Sunday, February 15, 2009

I Ain't Got No English Grammar

Somehow I made it from Kindergarten through post graduate work without any memory of studying grammar. Maybe I was asleep or day dreaming. Perhaps it just wasn't taught or I forgot. Whatever the reason, now I wish I could go back and untangle the mess of pronouns, parts of speech, prepositional phrases, predicates, past participles and punctuation.

Writing was never my strong point. I was so "spelling challenged" that when my 5th grade teacher took me on as a project, I couldn't even copy the spelling words from the book to the chalk board without making mistakes. In the days before computers, I labored long over scraps of paper taped together into rough drafts of term papers. Correct grammar was the least of my worries as I worked into the wee hours correcting typos on my father's manual typewriter.

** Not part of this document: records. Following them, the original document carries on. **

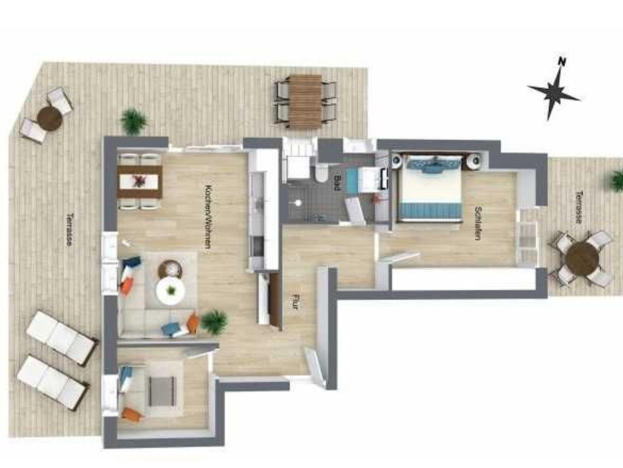 Die ca. 80 qm große Ferienwohnung ist modern eingerichtet und lädt Sie ein, Ihre schönsten Tage im Jahr in einer angenehmen Atmosphäre zu verbringen! Die grosse Terrasse bietet Ihnen viel Sonne, Ruhe und Privatsphäre.
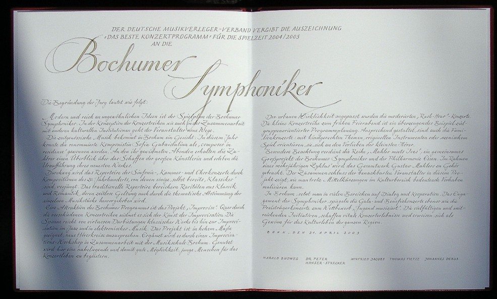 "Bestes Konzertprogramm der Saison" des Deutschen Musikverleger-Verbandes e.V. für die Spielzeit 2004/2005
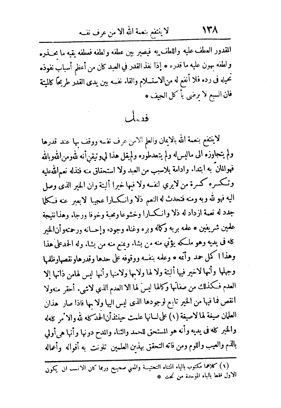 فصل لَا ينْتَفع بِنِعْمَة الله بِالْإِيمَان وَالْعلم إِلَّا من عرف نَفسه ووقف بهَا
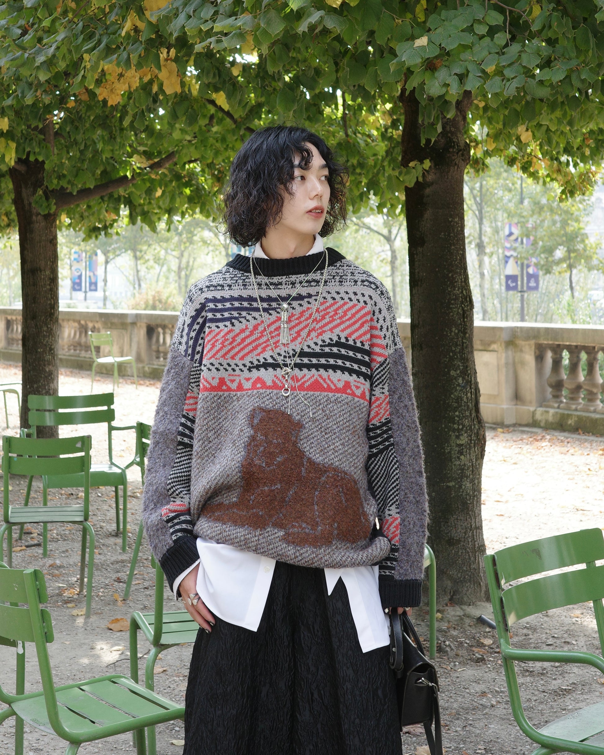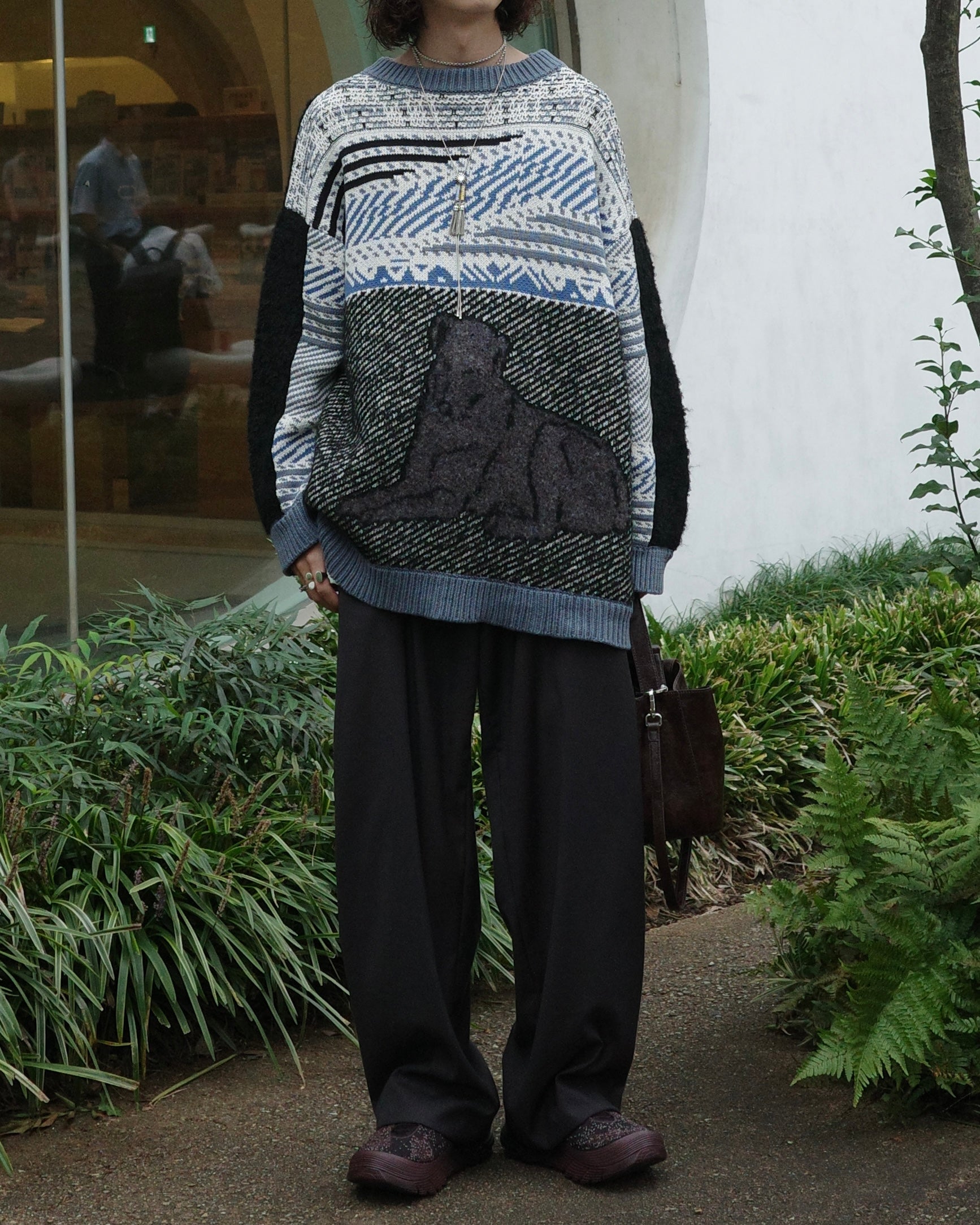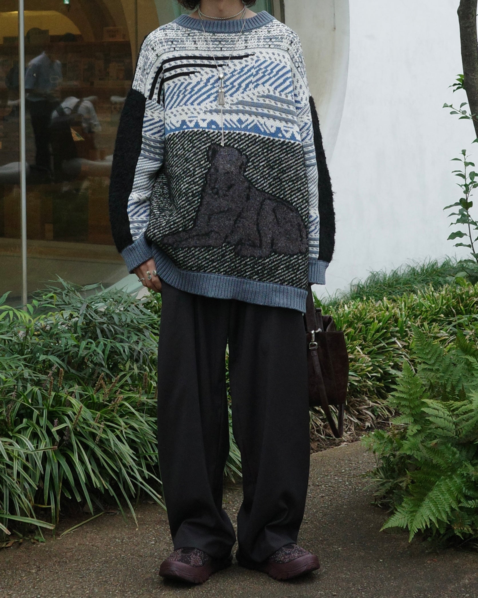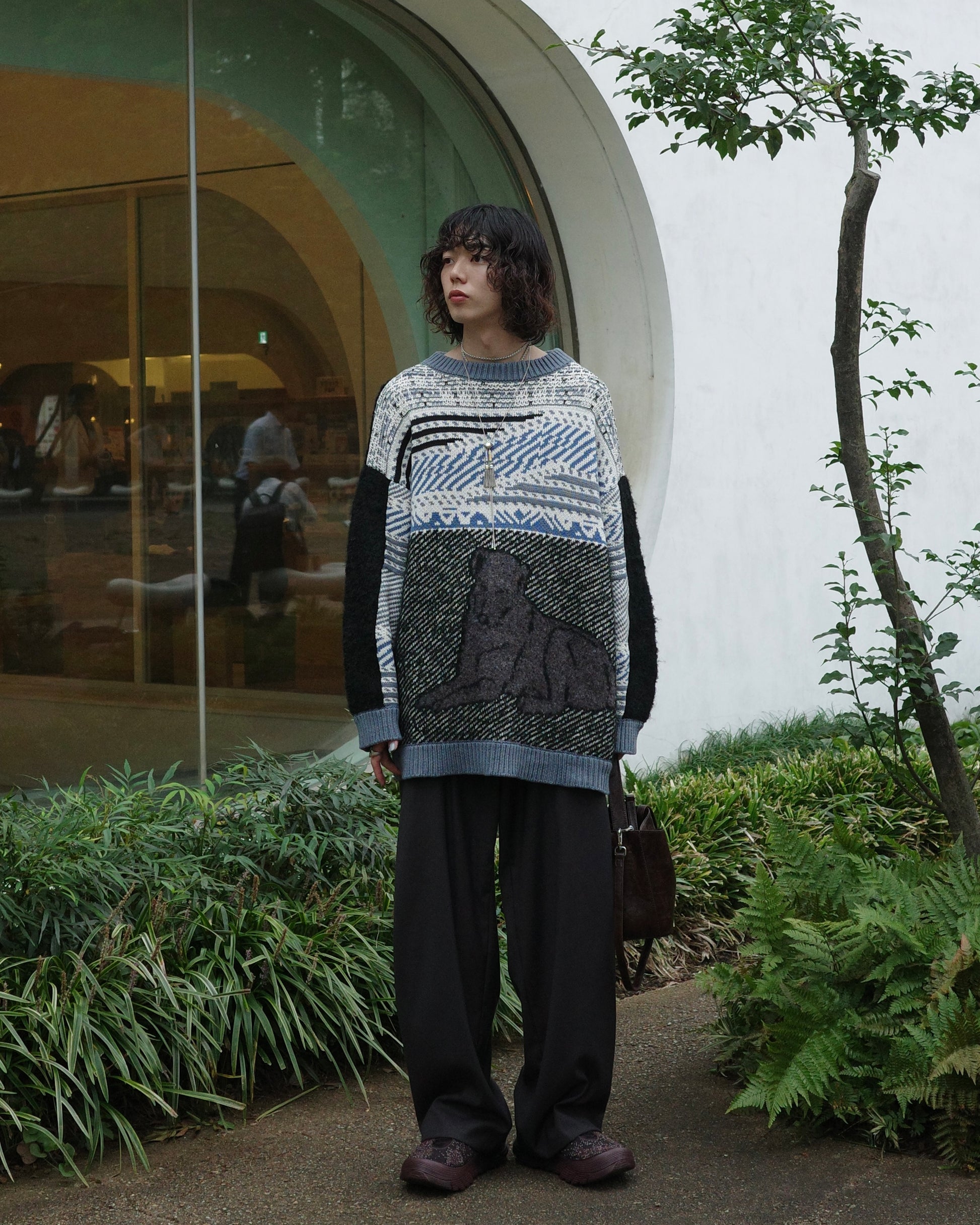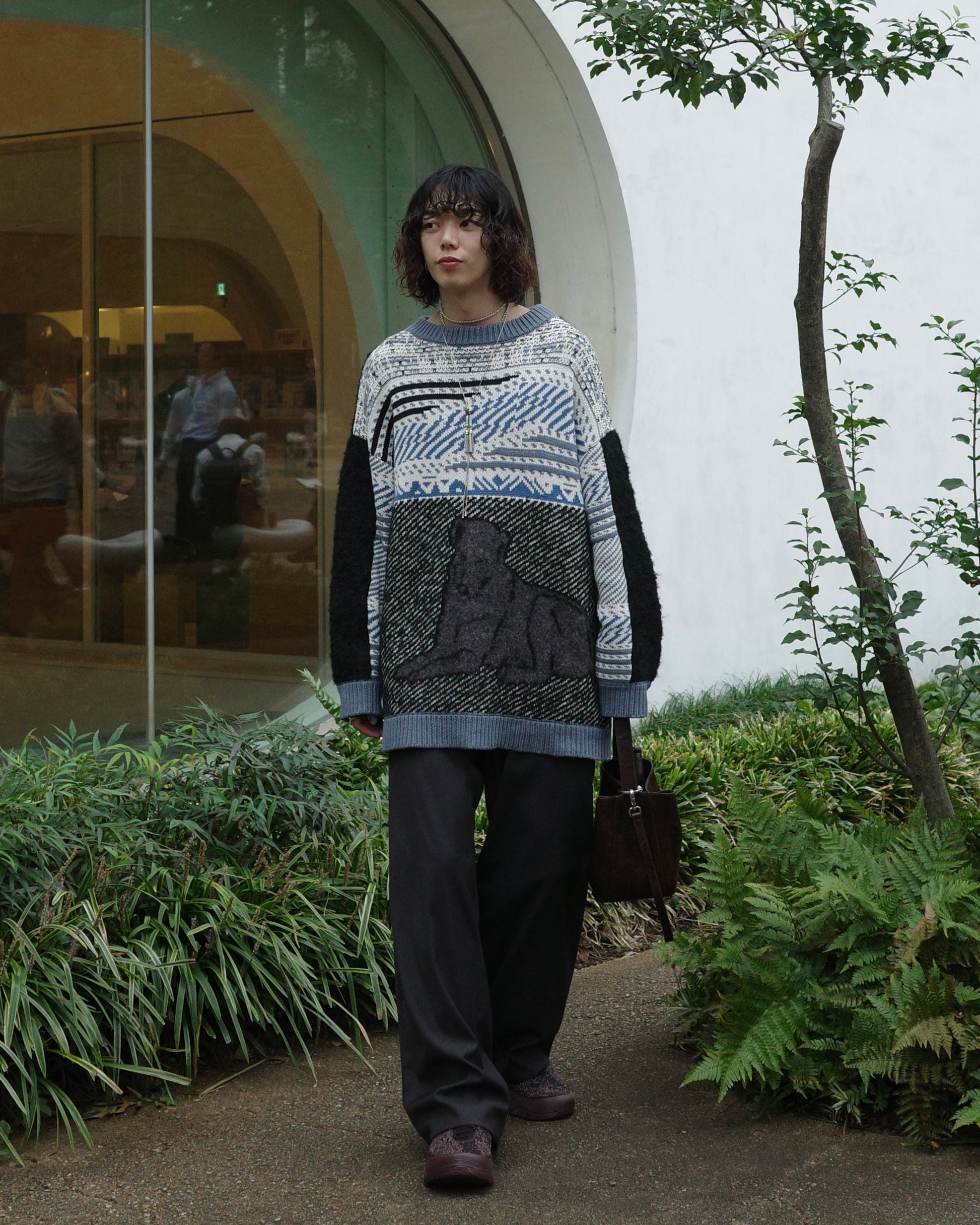 2種類の風合いの違う糸を使い、複数の編み柄を組み合わせたオーバーサイズニット。

I swore I would never write another sentence after I finished school and chose an art related field in an attempt to keep my oath. No such luck. Interior design is 10% creative design, and the other 90% is a combination of psychology and marketing. Memos, proposals, budgets, persuasive speeches and written explanations far outweigh design. Sleeping through sentence diagramming in school created a definite handicap. Still, in a design studio full of grammar dodgers, I sounded like an English professor. After a while, I even started to like writing.

A few years ago, I bought a book at a middle school book sale called, "Checking Your Grammar and Getting It Right." The fact that it was written for young teens made it much more accessible to a neophyte like myself, but I've read it cover to cover and I still get everything jumbled up. The computer has been my salvation. Spell checking and the ability to quickly delete or move around whole sections of text certainly beats dictionaries with hundreds of pages of tiny type and countless pieces of paper taped together on the living room rug.

This blog and other opportunities to write, have opened a world I previously avoided because of my fear of poor spelling and flawed grammar. Even though I might not always "get it right," I enjoy the process of communicating my thoughts to whomever out there in cyberspace might happen to stumble onto my humble words.